As you register for classes and start seeing their reading lists on CourseWorks, you’ll soon come to realize that textbooks can get pretty pricey. However, instead of rushing to your nearest bookstore or ordering all your required textbooks on Amazon, you should know that there are countless ways to circumvent paying full cost for your textbooks—and Spectrum has compiled a list for you.

Bookstore near campus

Before we start off with more affordable options, you should know that the Columbia Bookstore and Book Culture, a bookstore four blocks away from campus, both sell textbooks and will stock up on books based on course lists. They both also have buyback policies that allow you to sell your textbooks back to them for a certain percentage of the original prices. The Columbia Bookstore allows you to sell your books back to them for up to 50 percent of your cash back and Book Culture will pay you up to 20 percent in in-store credit.

Using CLIO

The Columbia Libraries Catalog is a catalog of all the books available across all Columbia and Barnard libraries. You can look up any textbooks you need and find their specific location in one of the many libraries on campus. There might even be links to find online versions of the textbook on one of the many databases Columbia grants students access to. If you only need a small portion of a book, you can request for the pages to be scanned and sent to your computer. Alternatively, you can print out the online text with your PawPrint quota if you are someone who likes to annotate their notes by hand.

If the textbooks you find are all checked out of the libraries near you, you can use the Borrow Direct services to get the book delivered from other universities to a library near you on campus. It’s a great service that students usually don’t know about, which increases your chances of finding the book you’re looking for.
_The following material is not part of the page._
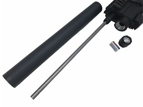マズル上部のライトを格納するスペースにLEDライトを格納、さらにベクターCRBという16インチカービンモデルにするバレルシュラウドを装備したカスタム品です。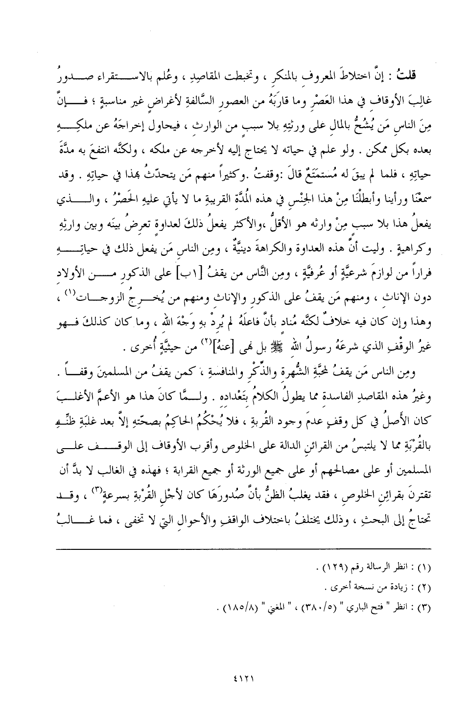 قلتُ: إنّ اختلاط المعروف بالمنكر، وتخبطت المقاصِدِ، وعُلم بالاستقراء صدورُ غالِبَ الأوقاف في هذا العَصْر وما قاربه من العصور السَّالفة لأغراض غير مناسبة؛ فإنَّ من الناس من يُشُحُّ بالمال على ورثته بلا سبب من الوارث، فيحاول إخراجَهُ عن ملكه بعده بكل ممكن. ولو علم في حياته لا يحتاج إليه لأخرجه عن ملكه، ولكنَّه انتفع به مدَّةَ حياتِه، فلما لم يبق له مُستمتَعٌ قال: وقفتُ. وكثيرًا منهم مَن يتحدّثُ بهذا في حياتِهِ. وقد سمعْنا ورأينا وأبطللْنا من هذا الجنس في هذه المُدَّة القريبة ما لا يأتي عليه الحصرُ، والذي يفعل هذا بلا سبب مِنْ وارثه هو الأقلُّ، والأكثر يفعلُ ذلك لعداوةٍ تعرض بينه وبين وارثه وكراهيةٍ. وليت أنّ هذه العداوة والكراهة دينيَّةٌ، ومِن الناس مَن يفعل ذلك في حياتِه فرارًا من لوازمَ شرعيَّةٍ أو عُرفيَّةٍ، ومِن النَّاس من يقفُ [1ب] على الذكور من الأولاد دون الإناث، ومنهم من يقفُ على الذكور والإناث ومنهم من يُخرِجُ الزوجات (¬1)، وهذا وإن كان فيه خلافٌ لكنَّه مُنادٍ بأنَّ فاعلَهُ لم يُرِدْ بهِ وَجْه الله، وما كان كذلك فهو غيرُ الوقف الذي شرعه رسول الله صَلَّى اللهُ عَلَيْهِ وَسَلَّمَ بل نهى [عنه] (¬2) من حيثيَّة أُخرى.

If you are a first-generation, low-income student, both Barnard and Columbia libraries collaborate with the First-Generation Low-Income Partnership to offer students a collection of textbooks they can borrow at the beginning of the semester. You can check the availability of these textbooks on CLIO.

Online rentals

Through Chegg, Amazon, and other similar websites, you can rent used books for cheaper prices for the semester. Not only is renting cheaper, but it also allows you to save on storage space over the summer since you don’t have to worry about lugging home stacks of heavy books. You can also purchase e-book versions on Amazon available on Kindle for significantly lower prices. Not only will you save up on storage space, but you’ll also get to keep the book since you’ll be purchasing it. This could be particularly useful if next semester starts out online.

Facebook

Both Columbia and Barnard have Facebook groups in which students can sell clothes, furniture, and textbooks they don’t need anymore. Book sales usually increase toward the start and end of the semester, so you should join the groups before school starts to take advantage of the bargain prices. Moreover, if you are in search of a textbook, don’t hesitate to ask in the Facebook group—you never know who would be willing to give or sell it to you!

Finally, we also recommend holding off on buying textbooks until you get the full, updated syllabus, or emailing your professor to ask if you’ll be using all the books listed on CourseWorks. Sometimes, you’ll end up buying a book that the professor mentions once throughout the semester and wasting the money you could have used on something else. You can also ask students who have taken your classes whether they recommend getting all the textbooks. Just make sure to double-check with the syllabus and professor before buying!